Content starts

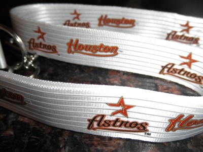 MLB WHITE Astros Lanyard Keychain ID Phone Velcro
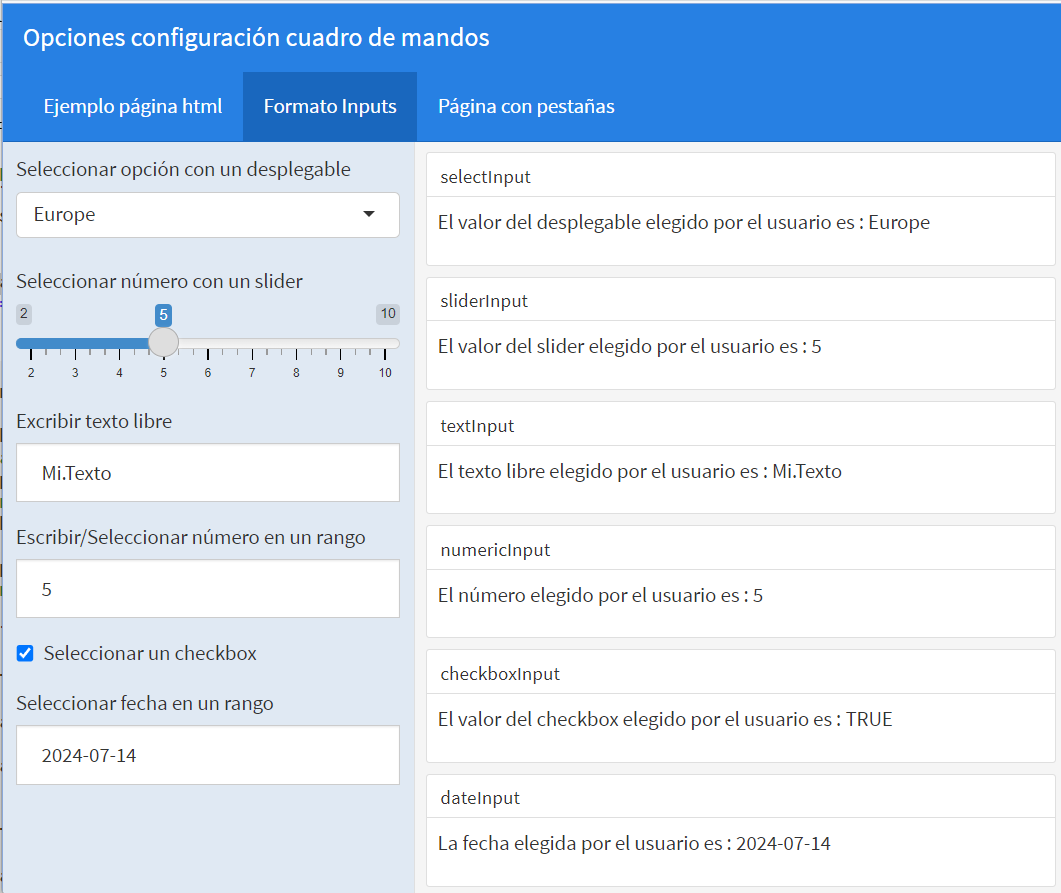 cada menú desplegable se crea usando la función selectInput. Esta función asocia un nombre al campo de este menú desplegable, por ejemplo country1, en el interior de las funciones que dibujan, se accede al valor de este campo a través de input$country1.
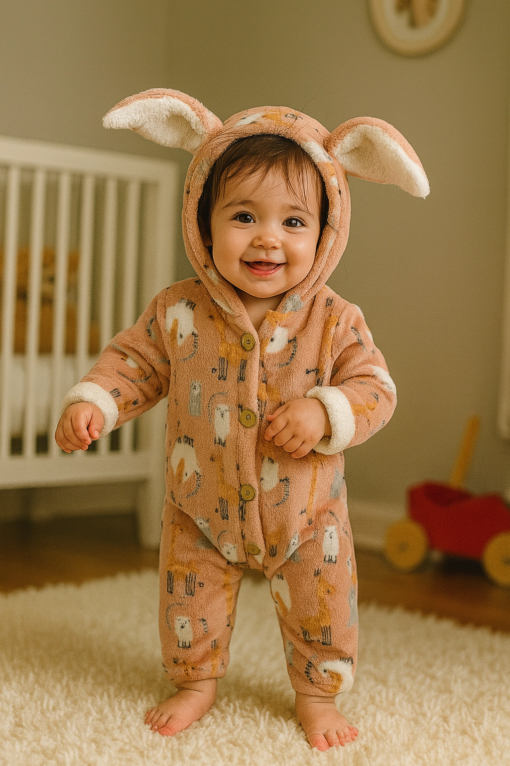 Enterito de Soft con Capucha con Orejitas, mangas y orejas con corderito. El enterito es SOFT BIFAZ, el interior es igual que el exterior. Super abrigado, una suavidad increíble al tacto. PREMIUM.
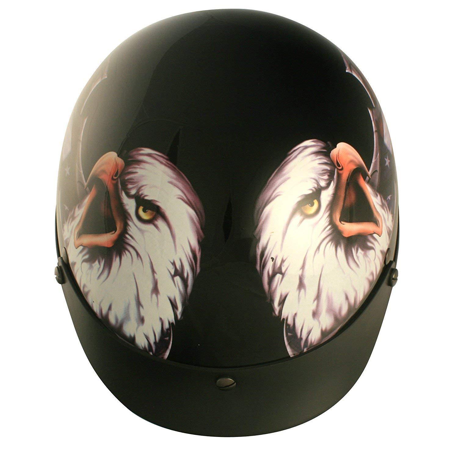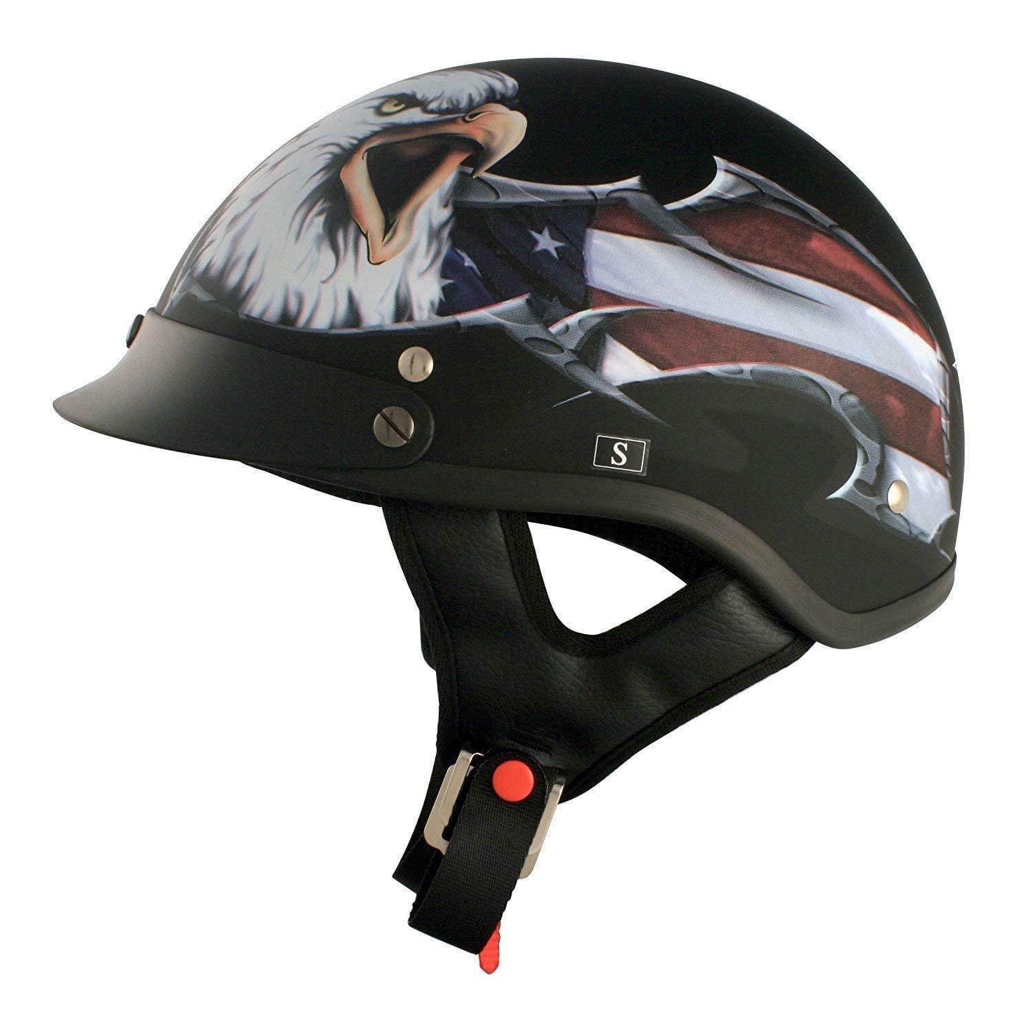 VCAN Cruiser Patriotic Eagle USA Graphics Motorcycle Half Helmet (Flat Black, Large)
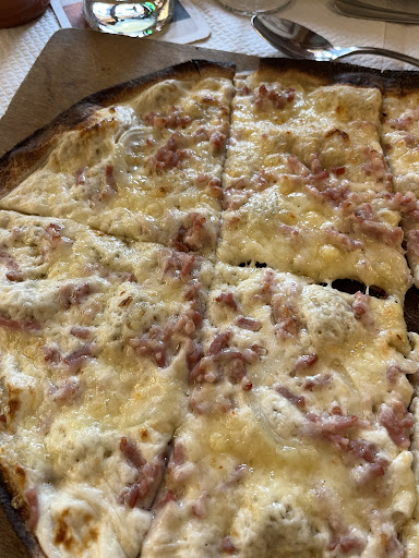 Read moreNous étions 4, l'accueil était sympas, la terrasse est bien tout comme l'intérieur les prix un peu élevés quand même, si on parle de la pizza et tarte flambée c'est les mêmes prix que centre ville de Strasbourg. Maintenant les plats. La tarte flambée est bonne, la pâte réussi et l'ail des ours un gros plus. Les pizzas c'est non, la pâte est sèche, dure, ce n'est pas une pâte à pizza c'est une biscotte dure. Les ingrédients, le jambon est 100% industriel bien rose et déjà en cube, le fromage un mélange gruyère industriel sans saveur n'espérez pas voir de la mozzarella c'est juste du gras sans goût en très grosses quantité les anchois c'est des filets à l'huile et citron ce qui n'a rien à faire sur une pizza. Les fleischkiechele à la crème,une petite portion rarement vu ça même devant la cathedrale de Strasbourg. La viande est sèche, la sauce fait avec un fond en poudre sans saveur. Les desserts profiteroles bah les choux 100% industriel sous vide, la chantilly pareil.. Au vu des notes nous pensions manger dans un bon restaurant de campagne mais très déçu au final . Je suis désolé mais je m'y connais bien en cuisine et là ce n'était clairement pas ça surtout...
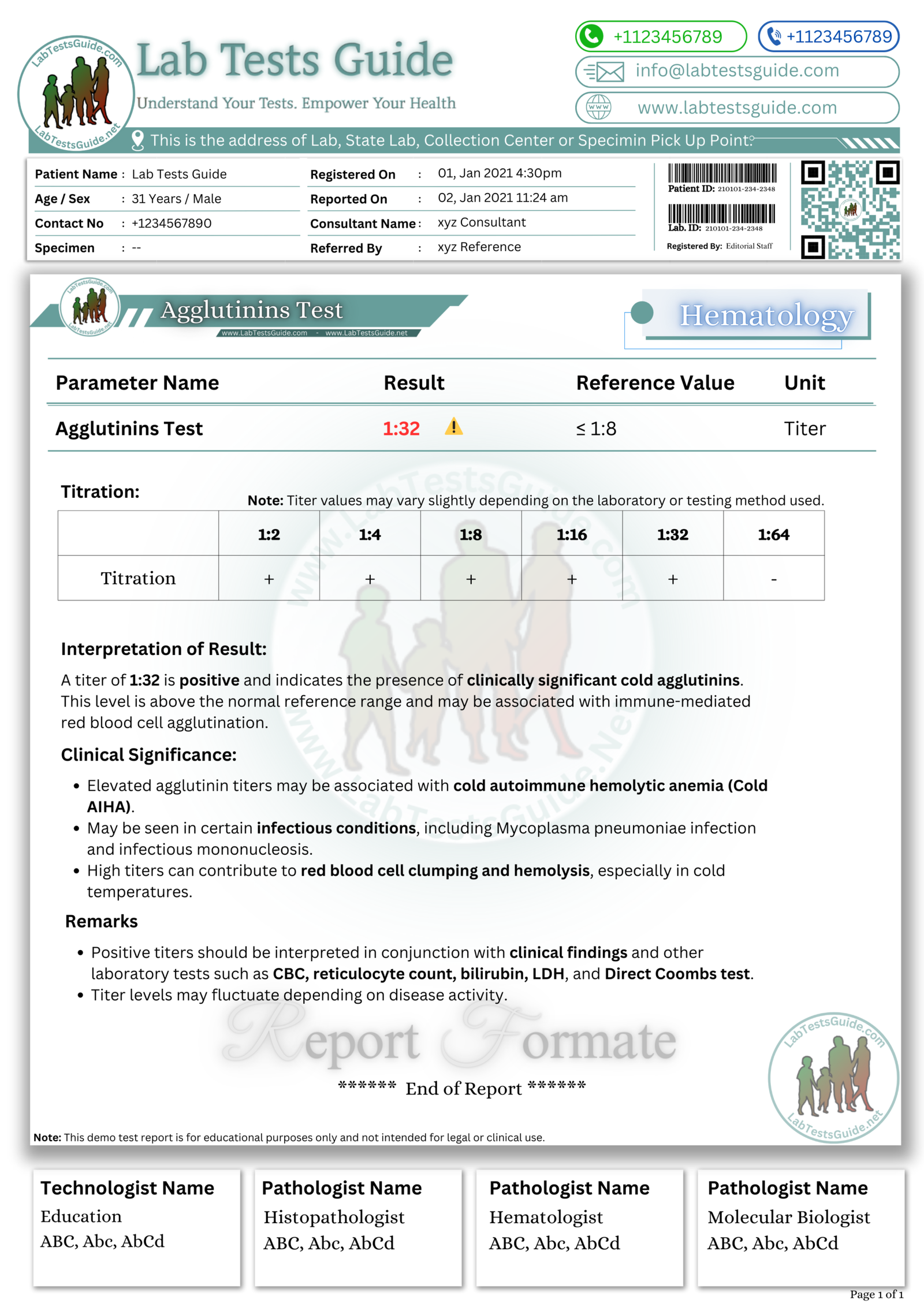 Positive Agglutinins Test Demo Report Format (PDF) |

Content ends

Although the records contain pictures, the copy should consist of their text alone, reproduced exactly.

Written solution
 MLB WHITE Astros Lanyard Keychain ID Phone Velcro
 cada menú desplegable se crea usando la función selectInput. Esta función asocia un nombre al campo de este menú desplegable, por ejemplo country1, en el interior de las funciones que dibujan, se accede al valor de este campo a través de input$country1.
 Enterito de Soft con Capucha con Orejitas, mangas y orejas con corderito. El enterito es SOFT BIFAZ, el interior es igual que el exterior. Super abrigado, una suavidad increíble al tacto. PREMIUM.
 VCAN Cruiser Patriotic Eagle USA Graphics Motorcycle Half Helmet (Flat Black, Large)
 Read moreNous étions 4, l'accueil était sympas, la terrasse est bien tout comme l'intérieur les prix un peu élevés quand même, si on parle de la pizza et tarte flambée c'est les mêmes prix que centre ville de Strasbourg. Maintenant les plats. La tarte flambée est bonne, la pâte réussi et l'ail des ours un gros plus. Les pizzas c'est non, la pâte est sèche, dure, ce n'est pas une pâte à pizza c'est une biscotte dure. Les ingrédients, le jambon est 100% industriel bien rose et déjà en cube, le fromage un mélange gruyère industriel sans saveur n'espérez pas voir de la mozzarella c'est juste du gras sans goût en très grosses quantité les anchois c'est des filets à l'huile et citron ce qui n'a rien à faire sur une pizza. Les fleischkiechele à la crème,une petite portion rarement vu ça même devant la cathedrale de Strasbourg. La viande est sèche, la sauce fait avec un fond en poudre sans saveur. Les desserts profiteroles bah les choux 100% industriel sous vide, la chantilly pareil.. Au vu des notes nous pensions manger dans un bon restaurant de campagne mais très déçu au final . Je suis désolé mais je m'y connais bien en cuisine et là ce n'était clairement pas ça surtout...
 Positive Agglutinins Test Demo Report Format (PDF) |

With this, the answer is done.